*** Opening of PROVIDED DATA ***

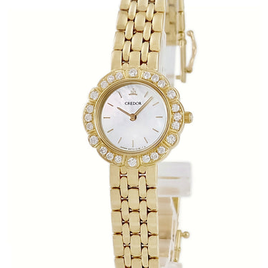 クレドール Credor シグノ ホワイトシェル 1E70-019T GTAA980 クオーツ レディース K18YG無垢 純正ダイヤ フラワーモチーフ
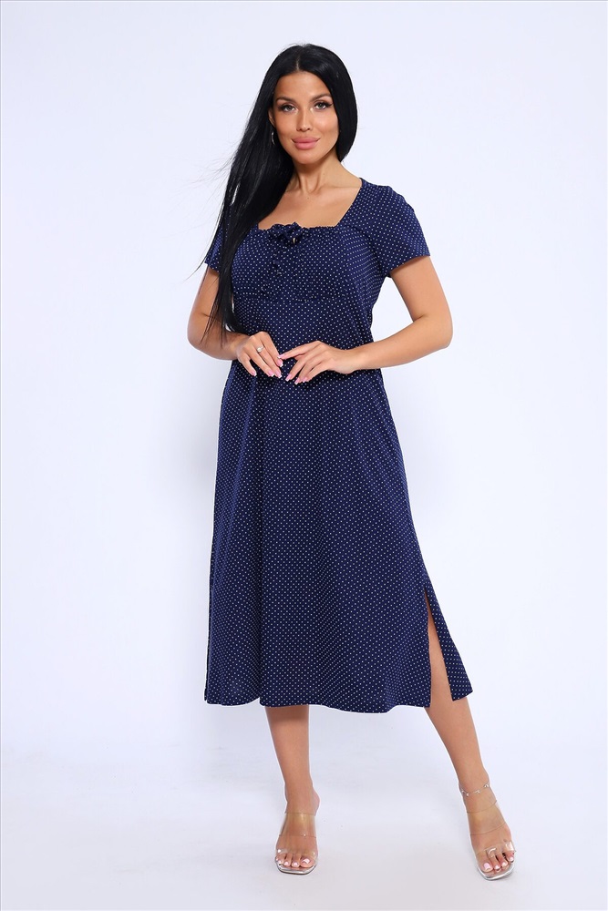 Длинное романтичное платье с короткими рукавами, декорировано квадратным вырезом декольте с завязками на груди. Милое, воздушное платье ниже колена с разрезами по боковым швам. Платье имеет свободный крой А-силуэта, который подходит для разного типа фигуры. Модель подойдет для прогулок, отдыха на пляже. Параметры модели 165 см,97-71-101 На модели представлен 46 размер.
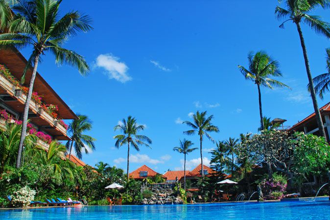в 15 минутах езды от аэропорта, в 20 минутах езды от центра Кута, через дорогу от моря.
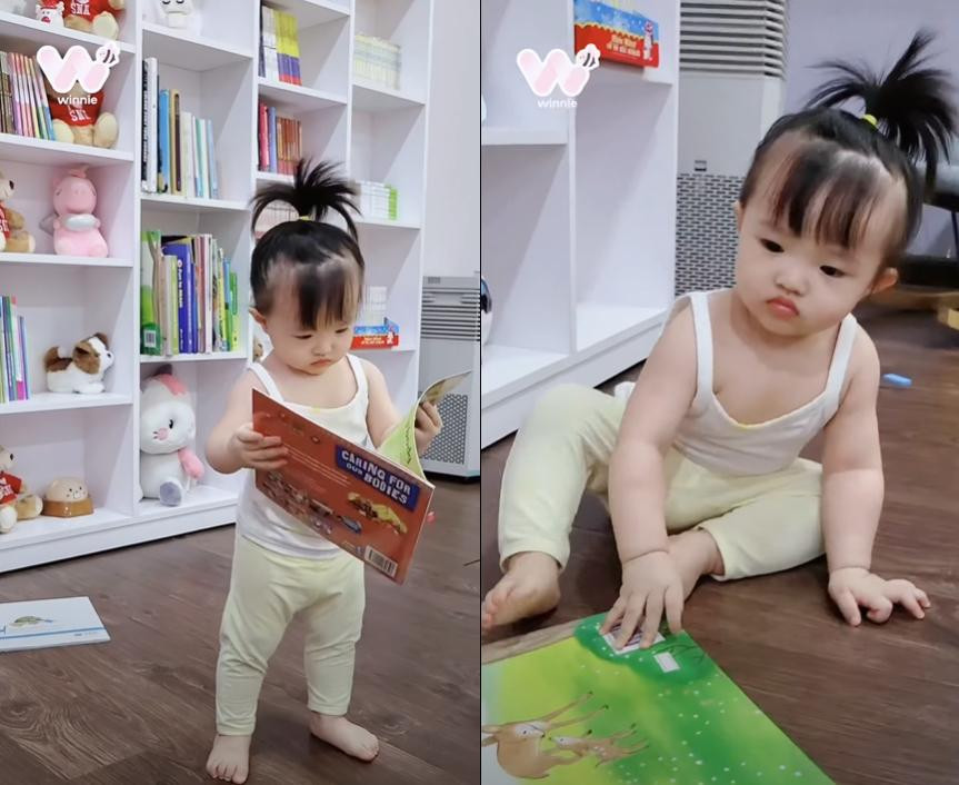 Bên cạnh đó, con gái Đông Nhi còn có niềm yêu thích đặc biệt với sách vở. Trong clip, bé Winnie tự đi đến kệ sách và lấy ra những quyển sách yêu thích để "nghiên cứu", học tập. Không những thế, cô bé cũng thừa hưởng đam mê âm nhạc từ bố mẹ. Đông Nhi cho biết ngay từ khi mới vài tháng tuổi, con gái đã thích nghe nhạc thiếu nhi. Cô bé hào hứng quơ tay quơ chân và nhún nhảy mỗi khi nghe tiếng nhạc vang lên.

*** Close of PROVIDED DATA ***

● WHAT TO PRODUCE
Your reply should hold every line of the material, unaltered, and not one picture.

● REPLY TO THE TASK
 クレドール Credor シグノ ホワイトシェル 1E70-019T GTAA980 クオーツ レディース K18YG無垢 純正ダイヤ フラワーモチーフ
 Длинное романтичное платье с короткими рукавами, декорировано квадратным вырезом декольте с завязками на груди. Милое, воздушное платье ниже колена с разрезами по боковым швам. Платье имеет свободный крой А-силуэта, который подходит для разного типа фигуры. Модель подойдет для прогулок, отдыха на пляже. Параметры модели 165 см,97-71-101 На модели представлен 46 размер.
в 15 минутах езды от аэропорта, в 20 минутах езды от центра Кута, через дорогу от моря.
 Bên cạnh đó, con gái Đông Nhi còn có niềm yêu thích đặc biệt với sách vở. Trong clip, bé Winnie tự đi đến kệ sách và lấy ra những quyển sách yêu thích để "nghiên cứu", học tập. Không những thế, cô bé cũng thừa hưởng đam mê âm nhạc từ bố mẹ. Đông Nhi cho biết ngay từ khi mới vài tháng tuổi, con gái đã thích nghe nhạc thiếu nhi. Cô bé hào hứng quơ tay quơ chân và nhún nhảy mỗi khi nghe tiếng nhạc vang lên.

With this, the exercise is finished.